Referring to Fig. 1, the composite filter material 1 of the present invention includes a support formed by a base fabric 2 of warp and weft type, especially in which a nanofiber 4 is deposited on the surface of a monofilament cloth by an electrospinning method. The monofilament 3 suitable for the present invention is made of polyester, polyamide, polypropylene, polyether sulphide, polyimide, polyamideimide, polyphenylene sulfide, polyether ether ketone, polyvinylidene fluoride, Made of polytetrafluoroethylene and aramid, the mesh range of the base fabric 2 is between 2500 microns and 5 microns.

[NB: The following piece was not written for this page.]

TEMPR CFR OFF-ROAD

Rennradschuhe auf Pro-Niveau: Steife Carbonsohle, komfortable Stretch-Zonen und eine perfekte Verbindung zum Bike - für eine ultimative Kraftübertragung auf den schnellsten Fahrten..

The base fabric used in the preparation of the composite filter material of the present invention is selected from a variety of synthetic monofilament fabrics, which are different in chemical properties from the monofilament used for weaving, such as polyester, polyamide, polypropylene, polyether stubble, Polyimide, polyamideimide, polyphenylene sulfide, polyether ether ketone, polyvinylidene fluoride, polytetrafluoroethylene, aramid. The textile structure suitable for the present invention is a woven fabric with 4-300 weaving threads/cm, the diameter of the weaving threads is 10-500 microns, the weaving weight is 15-300 g/m2, and the thickness is 18-1000 microns. For finishing and further surface treatment, in addition to metallization, water-washed and heat-set "white" fabrics, colored fabrics, plasma-treated fabrics, hydrophobic, hydrophilic, antibacterial, antistatic fabrics and the like can also be used. . The first choice of the present invention is a polyester monofilament cloth with 48 weaves/cm and a diameter of 55 microns. The mesh of the base fabric is 153 microns.

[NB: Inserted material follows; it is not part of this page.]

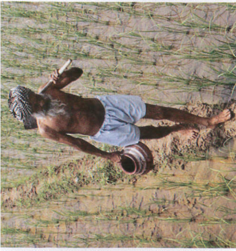
வசீகடு ஂசடு வடு வடு கிரடு Stopping work before rain மழைக்கு முன் வேலைகளை நிறுத்துதல்

The nanofiber 4 suitable for the present invention contains polyester, polyurethane, polyamide, polyimide, polypropylene, polysulfide, polyether sulfide, polyamideimide, polyphenylene sulfide, polyether ether ketone, polymeta Difluoroethylene, polytetrafluoroethylene, alginate, polycarbonate, polyvinyl alcohol (PV), polylactic acid (PL), polyacrylonitrile (PAN), polyethylene-vinyl acetate copolymer (PEV), polymethyl Methyl acrylate (PMM), polyethylene oxide (PEO), polyethylene (PE), PVC, PEI, PUR and polystyrene. The nanofiber rice fibers may have a diameter between 50 nanometers and 700 nanometers. A preferred example is a polyvinylidene fluoride (PVDF) nanofiber with a diameter between 75 and 200 nanometers.

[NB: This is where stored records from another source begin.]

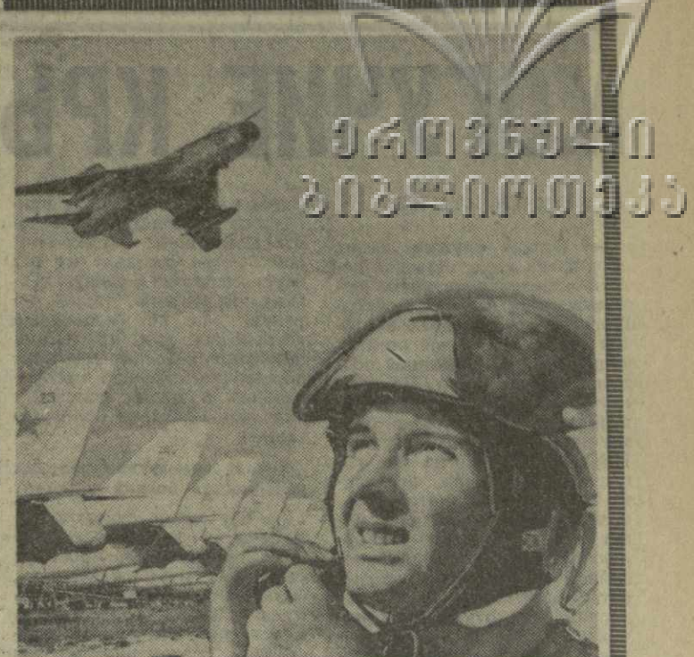
На страже советского неба. Фотомонтаж Н. Акимов и В. Савостьянова. (Фотохроника ТАСС).
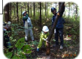
森林環境教育（除伐体験）
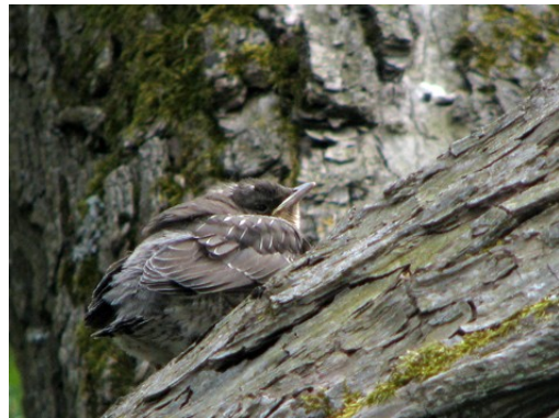
Hon provade att klättra åt höger. Och se! Det gick bra.

Lite högre upp delade sig trädet. Här kunde lillasyster vila sig lite till. Men hon kunde fortfarande inte se boet, så hon visste inte åt vilket håll hon skulle fortsätta.

As shown in Figure 3, the electrospinning process is used for the formation of the nanofibers 4 and its subsequent deposition on the base fabric 2, including injecting the material used for the formation of the nanofibers 4, and dissolving them in a suitable position. The solvent is spread on an electrode 6 through a nozzle 5. Due to the potential difference between the nozzle 5 and the electrode 6, the nanofibers 4 are formed by the evaporation of the solvent. Due to the electric field and stretching, the polymer deposited on the electrode passes through the nozzle, and the formed nanofibers are stretched and combined. It is then deposited on the base fabric 2.

Then the composite filter material obtained in this way is subjected to a surface treatment by plasma deposition of the cloth 2 of the nanofiber layer 4 and the polymer layer 7 of nanometer thickness on the exposed surface of the nanofiber layer 4. The monofilaments 3 of the base fabric 2 and the aforementioned nanofibers 4 completely cover the outer surfaces (Figure 2).

As shown in Figure 4, the composite filter material 8 obtained from the previous electrospinning process shown in Figure 3 is arranged in the plasma processing chamber 9. The above-mentioned coating 7 is formed in the presence of the gas and is covered in the present The composite filter material 1 of the invention.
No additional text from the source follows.